America's Service Economy

June 27, 1986

Report Outline
Service Sector Growth
Employment Implications
U.S. Competitiveness
Special Focus

Service Sector Growth

As America heads into its fourth year of recovery from the worst recession since the 1930s, there is much good news for consumers. Several trends have brought about an emerging consensus among economists that economic conditions are better than they have been for a decade or more and that they can be expected to continue at least through 1987. The oil price decline brought about a fall in the consumer price index to 3.8 percent last year, the lowest level since 1967. Interest rates have also slid, reducing the cost of credit and bringing home ownership once again within the reach of many Americans. The fall in interest rates also promises to make the dollar less attractive to overseas investors, easing the upward pressure on the currency's exchange value. The weaker dollar—which has depreciated by 27 percent from its peak value in February 1985—makes U.S. products less expensive to foreign consumers and thus should improve their competitiveness on world markets.

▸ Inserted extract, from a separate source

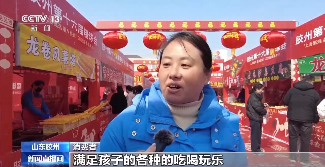 在山东青岛胶州市的新春嘉年华活动现场,人头攒动,气氛热烈。特色美食区人气颇高,除了地道的胶州糖球,来自全国各地的特色小吃也悉数登场,香气扑鼻。现场还设置了民俗特产、互动娱乐等主题区域,大家在逛、吃、玩、乐中欢度元宵节。

But there is a dark side to the recovery. It has passed by large parts of the country where oil and farming are prominent. Civilian unemployment, at 7.3 percent, remains at its highest level ever so far into a recovery. America's trade balance, for all the encouraging news on the dollar, registered a $148.5 billion deficit in 1985 and is not expected this year to improve much, if at all. For the first time since World War I, the value of foreign assets in the United States has since mid-1985 exceeded that of U.S. assets abroad, bringing the country the dubious honor of having nudged out Brazil as the world's biggest debtor nation.

To explain these contradictions, economists point increasingly to a fundamental shift in the American economy away from the manufacture of goods to the provision of services. Some observers place the emergence of a service-based economy on a par with the industrial revolution, which by World War I had transferred the bulk of American labor from the farms to the factories. The United States, free of warfare at home and significant competition from abroad, emerged as the world's leading industrial power. Its economic well-being depended on the basic goods-producing industries—mining, construction and manufacturing—in addition to agriculture.